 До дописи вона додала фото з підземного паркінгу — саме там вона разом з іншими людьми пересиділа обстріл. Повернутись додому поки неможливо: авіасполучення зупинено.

--

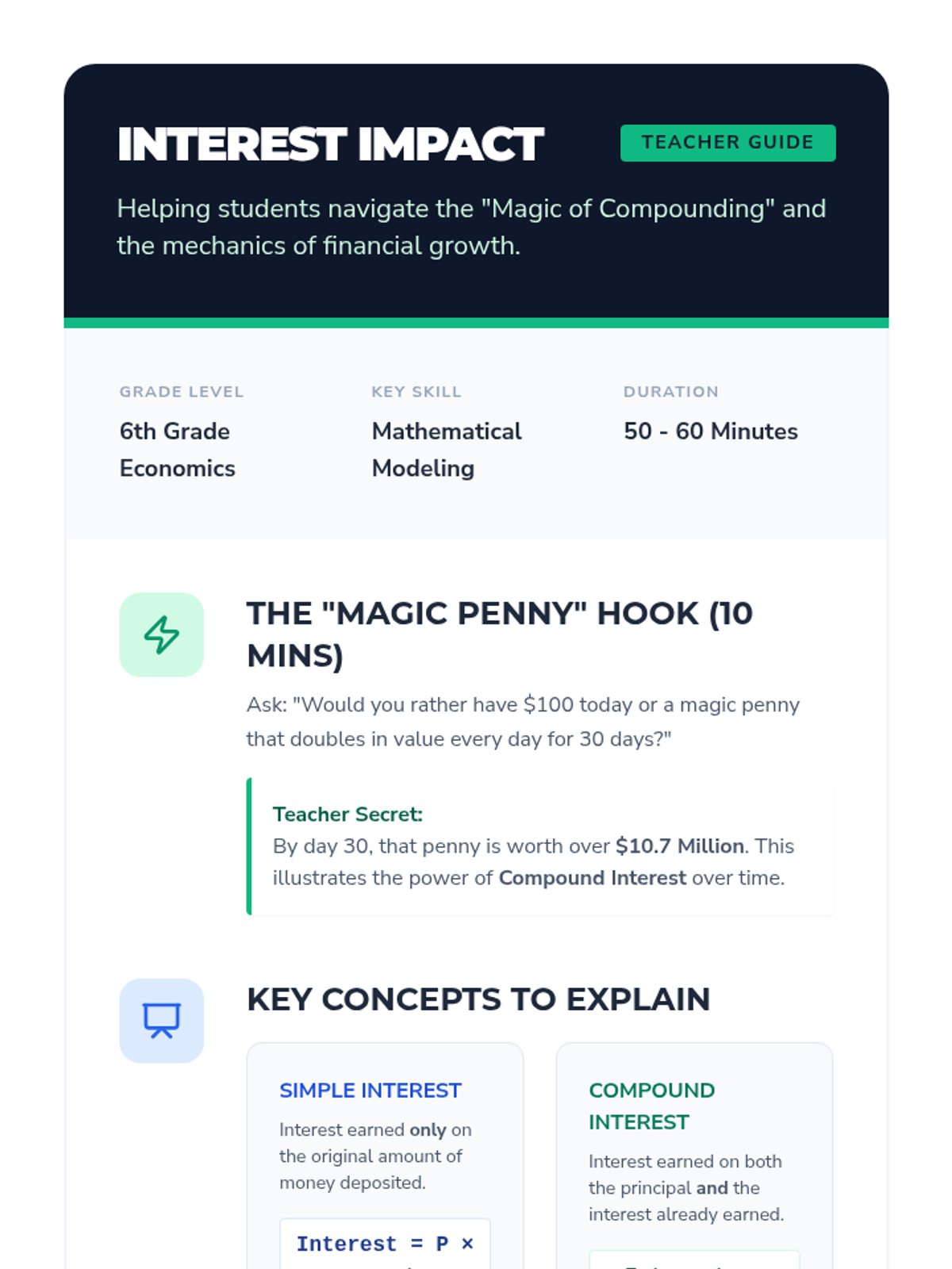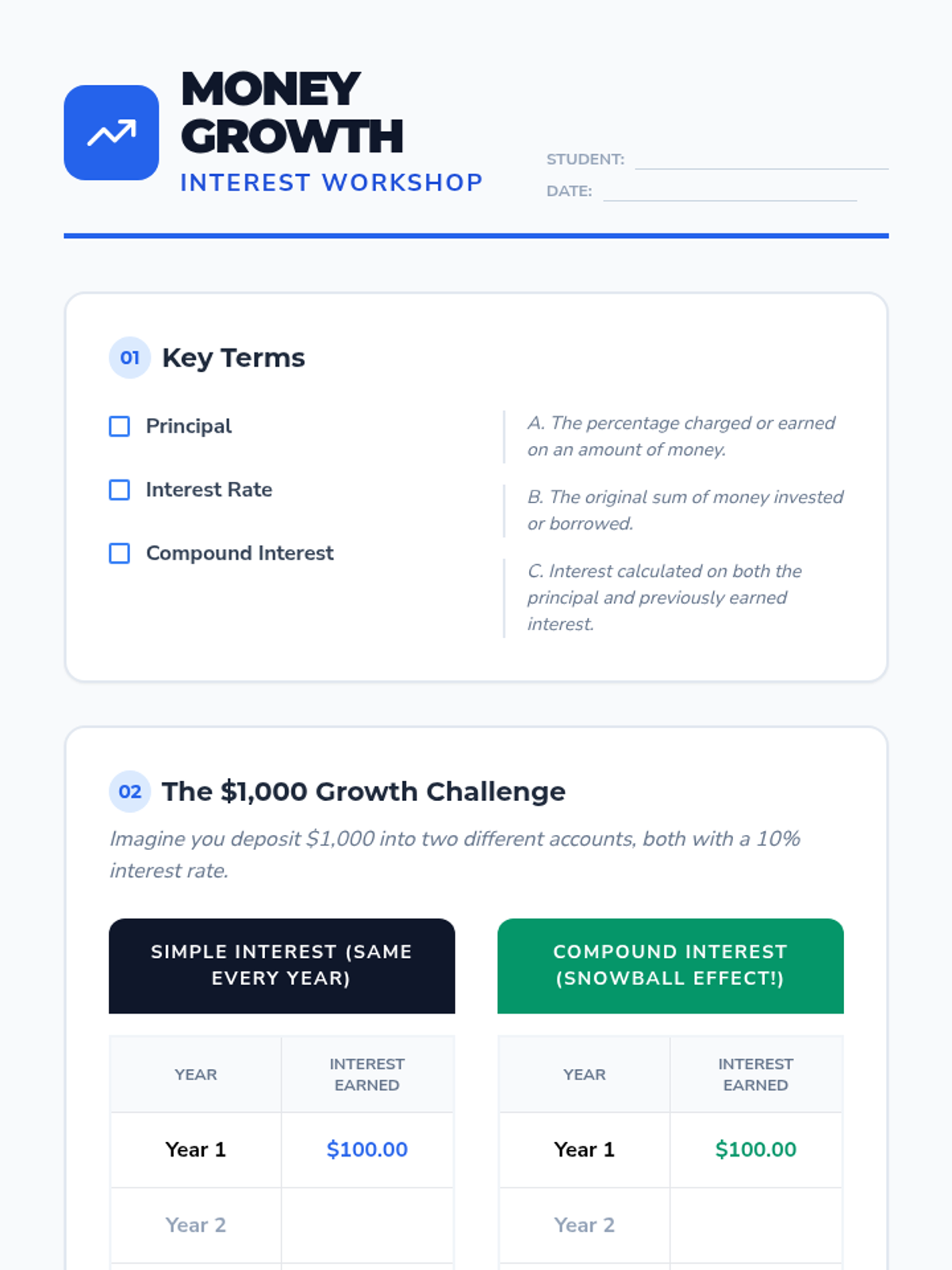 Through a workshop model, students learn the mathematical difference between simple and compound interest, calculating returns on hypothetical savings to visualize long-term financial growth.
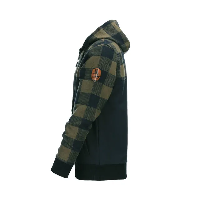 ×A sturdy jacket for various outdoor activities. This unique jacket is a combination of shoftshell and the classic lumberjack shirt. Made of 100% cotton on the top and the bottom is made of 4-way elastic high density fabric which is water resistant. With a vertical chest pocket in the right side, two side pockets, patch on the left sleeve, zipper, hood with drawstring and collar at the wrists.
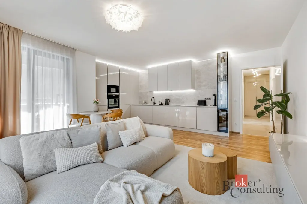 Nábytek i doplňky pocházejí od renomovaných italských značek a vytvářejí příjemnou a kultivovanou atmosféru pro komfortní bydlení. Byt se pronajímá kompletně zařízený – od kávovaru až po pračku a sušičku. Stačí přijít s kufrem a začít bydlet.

* * *

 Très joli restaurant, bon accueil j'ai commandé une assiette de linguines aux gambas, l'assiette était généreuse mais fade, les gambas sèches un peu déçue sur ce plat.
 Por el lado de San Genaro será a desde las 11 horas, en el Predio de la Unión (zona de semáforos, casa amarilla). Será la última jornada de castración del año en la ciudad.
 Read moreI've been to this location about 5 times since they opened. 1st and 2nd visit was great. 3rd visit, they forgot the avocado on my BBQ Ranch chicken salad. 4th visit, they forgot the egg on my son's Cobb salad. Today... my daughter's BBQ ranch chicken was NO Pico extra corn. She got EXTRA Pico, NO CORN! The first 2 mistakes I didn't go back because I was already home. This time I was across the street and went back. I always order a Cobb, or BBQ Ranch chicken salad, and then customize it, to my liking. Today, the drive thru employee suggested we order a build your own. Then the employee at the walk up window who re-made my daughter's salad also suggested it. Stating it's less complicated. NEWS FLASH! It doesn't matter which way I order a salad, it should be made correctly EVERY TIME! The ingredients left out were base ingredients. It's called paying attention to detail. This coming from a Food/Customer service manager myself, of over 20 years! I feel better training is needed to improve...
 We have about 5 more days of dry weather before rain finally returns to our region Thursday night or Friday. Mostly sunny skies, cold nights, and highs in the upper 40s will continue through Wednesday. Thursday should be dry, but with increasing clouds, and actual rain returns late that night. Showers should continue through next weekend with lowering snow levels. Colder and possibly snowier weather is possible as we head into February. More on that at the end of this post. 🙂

WORK TASK:
Both the line above containing "Through a workshop" and the line containing "Nábytek i doplňky" belong in the copy, along with every line between them; print these exactly and omit the pictures.

SOLUTION TO THE PROBLEM:
 Through a workshop model, students learn the mathematical difference between simple and compound interest, calculating returns on hypothetical savings to visualize long-term financial growth.
 ×A sturdy jacket for various outdoor activities. This unique jacket is a combination of shoftshell and the classic lumberjack shirt. Made of 100% cotton on the top and the bottom is made of 4-way elastic high density fabric which is water resistant. With a vertical chest pocket in the right side, two side pockets, patch on the left sleeve, zipper, hood with drawstring and collar at the wrists.
 Nábytek i doplňky pocházejí od renomovaných italských značek a vytvářejí příjemnou a kultivovanou atmosféru pro komfortní bydlení. Byt se pronajímá kompletně zařízený – od kávovaru až po pračku a sušičku. Stačí přijít s kufrem a začít bydlet.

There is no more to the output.